2. Use for Senior Citizen Budgeting
If you're retired, you can align your monthly income to fixed expenses such as:
- Medical bills
- EMIs
- Groceries or domestic help payments
3. Stagger Investments
Instead of investing ₹9 lakh in one go, stagger it every few months to create a laddered maturity cycle and regular reinvestment opportunities.
✅ MIS vs Other Monthly Income Options
Feature | Post Office MIS | Bank FD Monthly Payout | SCSS (Senior Citizens Scheme) |
Interest Rate | 7.4% p.a. | 6.5%–7.25% p.a. | 8.2% p.a. |
Tenure | 5 years | 1–10 years | 5 years |
Risk | No risk | Low risk | No risk |
Max Limit | ₹9 lakh (₹15L joint) | Varies by bank | ₹30 lakh |
Monthly Payout | Yes | Yes | Yes |
TDS | No | Yes (if >₹40k) | Yes (if >₹50k) |
Tax Benefit | No | No | 80C Benefit Available |
✅ Common FAQs About Monthly Income Scheme (MIS)
Q1. Can I withdraw money before 5 years?
Yes, premature withdrawal is allowed after 1 year:
- 1–3 years: 2% penalty on principal
- After 3 years: 1% penalty on principal
Q2. Can I open more than one MIS account?

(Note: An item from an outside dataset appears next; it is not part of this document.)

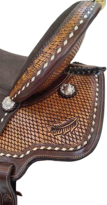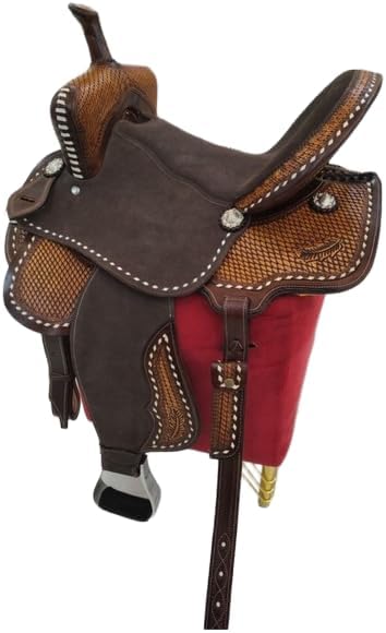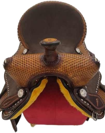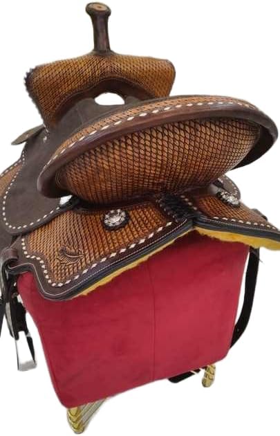 Experience the timeless appeal of a classic saddle. Crafted with meticulous attention to detail, this saddle is designed to provide both rider and horse with optimal comfort and support. The high-quality leather construction ensures durability and longevity, while the ergonomic design promotes proper positioning and balance. Whether you're hitting the trails or competing in the show ring, this saddle will become your trusted companion, allowing you to ride with confidence and style. With its sleek lines and traditional aesthetic, it's a sophisticated choice for equestrians of all levels. *** Girth Cinch, Back Cinch, Saddle Pad, and Horse Bit NOT INCLUDED *** Saddles are an essential piece of equipment for any equestrian, providing the crucial connection between rider and horse. Crafted with care and precision, a high-quality saddle offers comfort, support, and control for both the rider and the animal. Whether you're a seasoned competitor or a casual trail rider, finding the right saddle can make all the difference in your riding experience. With a wide range of styles and materials available, from classic English to rugged Western designs, there's a saddle to suit every discipline and preference. Invest in a well-made saddle, and you'll enjoy countless hours of enjoyable and secure riding adventures. Premium Quality leather. Soft Fleece Underside, Fully Hand Carved. Beautiful Floral Weave Leather Design on Pommel, Cantle, Skirt, Fender, Stirrups, "TOOLING - FULLY HAND TOOLED FLORAL DESIGN ", Soft fleece underside. Our horse tacks are built on strong wooden trees which will have less pressure on your horse's back and provide rider comfortable seating. 100% authentic handmade saddle. Expertise in all equestrian products, each product in our store goes through stringent quality check and are handmade. This premium all-around barrel saddle is perfect for any discipline whether you are turning and burning at the rodeo, or out for a leisurely trail ride! This saddle features a comfortable, thickly-padded Leather seat that will grip you into the seat when going around the barrels. The saddle also features numerous ties for accessory attachments, such as saddlebags, for when you are out on the trail or around the ranch. The saddle has a classic studded trim around the edges for added appeal, along with shiny silver sun conchs that make this saddle stand out from the rest. The well-padded fleece underside ensures your horse stays comfortable while helping to eliminate pressure points. Saddle Measurements & Specifications - Color -: As Per Picture Gullet-: 10": 5.5"; 12" to 13": 6.5" 14" to 18" 7" FQHB. Skirt-: 26.5”, Horn-: 3.5”, Swell-: 12.5”, Cantle-: 4.5”, Stirrups-:28 - 38”, Weight-: 26 LBS.

Yes, you can open multiple accounts, but the total investment across all MIS accounts cannot exceed the prescribed limit.
Q3. Can I transfer the account?
Yes, the MIS account can be transferred between post offices anywhere in India.
Q4. Can minors invest in MIS?
Yes. Minors aged 10 years and above can open an MIS account in their name under guardian supervision.